30 Ağustos Zafer Bayramı için yapılan kutlamada ev sahipliğini “başkomutan” olarak Cumhurbaşkanı Abdullah Gül üstlendi ve bu durum “asker-sivil ilişkilerinin yeni ulaştığı dengenin bir üst aşaması” olarak yorumlandı.

Bence bir sakıncası yok. Cumhurbaşkanı madem başkomutandır, “asker bayramının” ev sahibi olması da normal olanıdır.
Ancak gazetelerde bazı köşelere yansıyan ve bazı haberlere konu olan bir durum var ki dikkatinize sunmadan edemedim.
Radikal’in haberine göre 30 Ağustos Zafer Bayramı kutlamaları “biraz fazla militer” bulunmuş. İddiaya göre “asker güç gösterisi yapıyormuş”, bu bayramın da sivilleşmesi gerekiyormuş.

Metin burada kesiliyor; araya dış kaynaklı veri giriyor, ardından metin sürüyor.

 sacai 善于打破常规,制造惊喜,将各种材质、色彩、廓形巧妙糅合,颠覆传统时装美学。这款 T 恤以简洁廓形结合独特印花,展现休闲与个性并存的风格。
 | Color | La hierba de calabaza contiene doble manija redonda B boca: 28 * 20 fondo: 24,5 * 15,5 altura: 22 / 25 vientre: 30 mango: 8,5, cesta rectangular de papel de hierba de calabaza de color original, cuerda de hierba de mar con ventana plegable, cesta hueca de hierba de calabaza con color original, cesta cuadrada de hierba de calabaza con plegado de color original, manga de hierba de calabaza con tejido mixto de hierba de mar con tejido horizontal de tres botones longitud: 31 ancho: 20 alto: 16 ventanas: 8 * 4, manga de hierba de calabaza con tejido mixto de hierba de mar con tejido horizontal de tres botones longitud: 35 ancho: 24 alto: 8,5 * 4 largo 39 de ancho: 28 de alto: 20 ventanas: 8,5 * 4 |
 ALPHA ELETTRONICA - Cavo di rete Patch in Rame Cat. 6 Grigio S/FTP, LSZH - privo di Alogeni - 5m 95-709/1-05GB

Dicle Üniversitesi’nden Yardımcı Doçent Vahap Coşkun şunu öneriyor: “Şaşaalı askeri törenler yapacağımıza, farklı kimlikleri, kültürleri bir araya getirebileceğimiz piknik, konser benzeri organizasyonlar düzenlenmeli.”
Zaman Gazetesi’nde de Prof. Dr. Mümtazer Tüköne, (hatırlayacaksınız, Abdullah Öcalan’a paşalık verilmesini ve ordunun kayyuma devredilmesini de istemişti!) “asker bayramının” nasıl kutlanması gerektiğini anlatırken Cumhuriyet’in kuruluşundan sonraki 29 Ekim törenlerini hatırlatıyor: “Fener alaylarında ilçedeki itfaiye aracı, traktör, ambulans, iş makinesi gibi araçlar halkın önünde geçerdi!”

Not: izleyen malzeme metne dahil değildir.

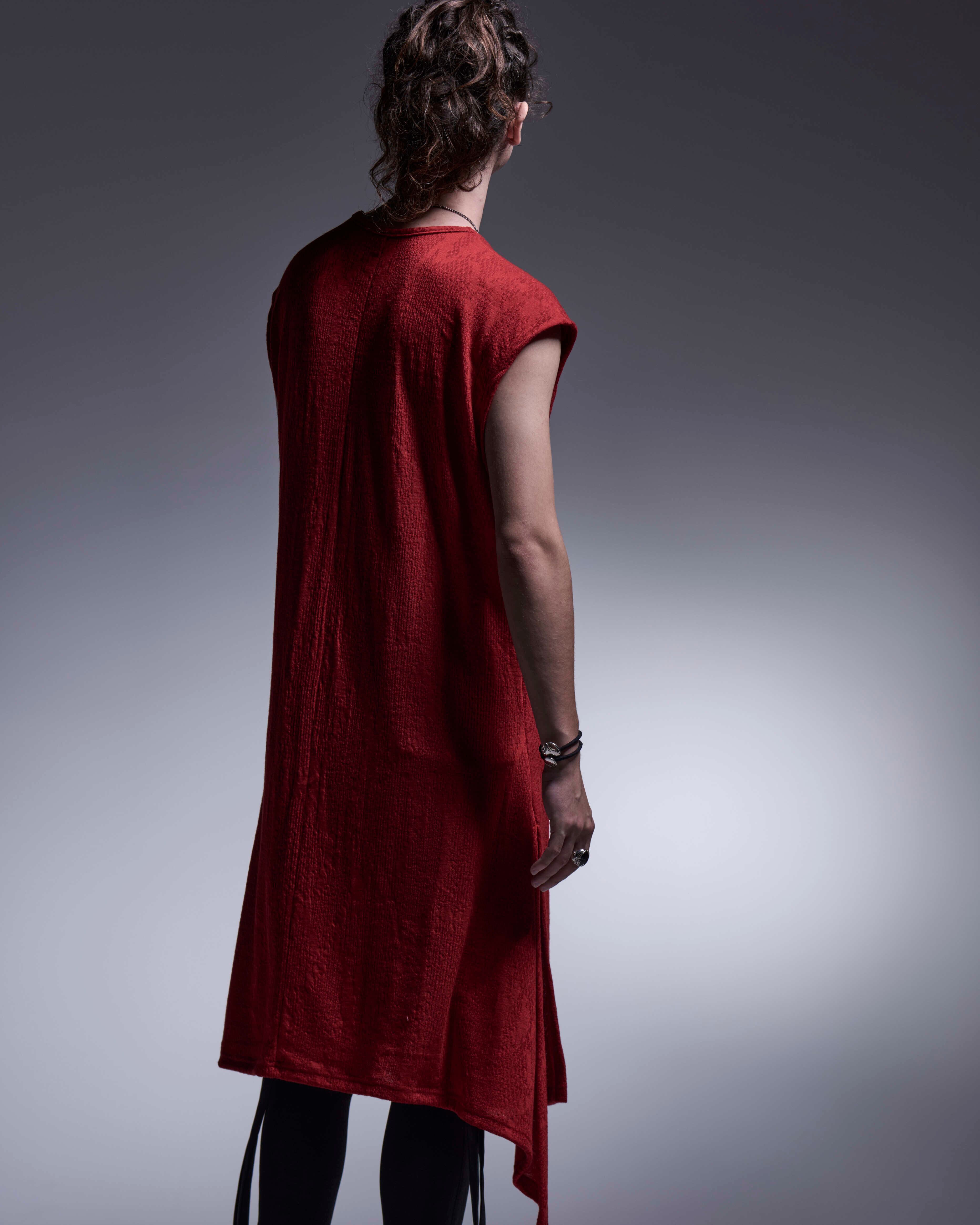 パイソン柄ジャカードジャージフレアーフリルロングタンクトップ。

Türköne, 30 Ağustos törenlerinin önümüzdeki dönemde kapalı alanlarda yapılması gerektiğini de söylüyor.
Böylece cennet vatanımızda sap ile saman bir kez daha birbirine karıştırılmış oluyor, hem de akademik bir şekilde!
Bizim “resmi bayramlarımızın” (“milli günlerimizin” de diyebiliriz) her birinin bir sahibi var. 23 Nisan hem TBMM’nin kuruluşu nedeniyle egemenlik bayramı, hem de çocuklara ait bir bayram. 19 Mayıs ise gençlik bayramı.
Sivilleşme ve antimilitarizm bu bayramlar için tartışılmalı. Çocukları ve gençleri askeri düzen içinde uygun adım yürütmek, tuhaf koreografileri spor diye yutturmak gibi meseleleri var bu bayramların.
29 Ekim Cumhuriyet Bayramı ise adı üzerinde “halkın” bayramıdır, kuruluş yıllarında kutlamaları elbette sivil nitelikteydi ve öyle olmaya devam etmelidir.
Ama arkadaşlar üzülerek bildiriyorum ki 30 Ağustos Zafer Bayramı, aynı zamanda ordunun bayramıdır, askeri bir gündür, askeri törenlerle kutlanır.
Dünyanın birçok demokratik ülkesinde askeri bir milli gün vardır ve o bayramlarda askerler ellerindeki “oyuncakları” da sergilerler, dosta, düşmana ordunun gücünü göstermek için!
Askerlere ait bir milli gün, elbette askerlere ait düzen içinde kutlanır.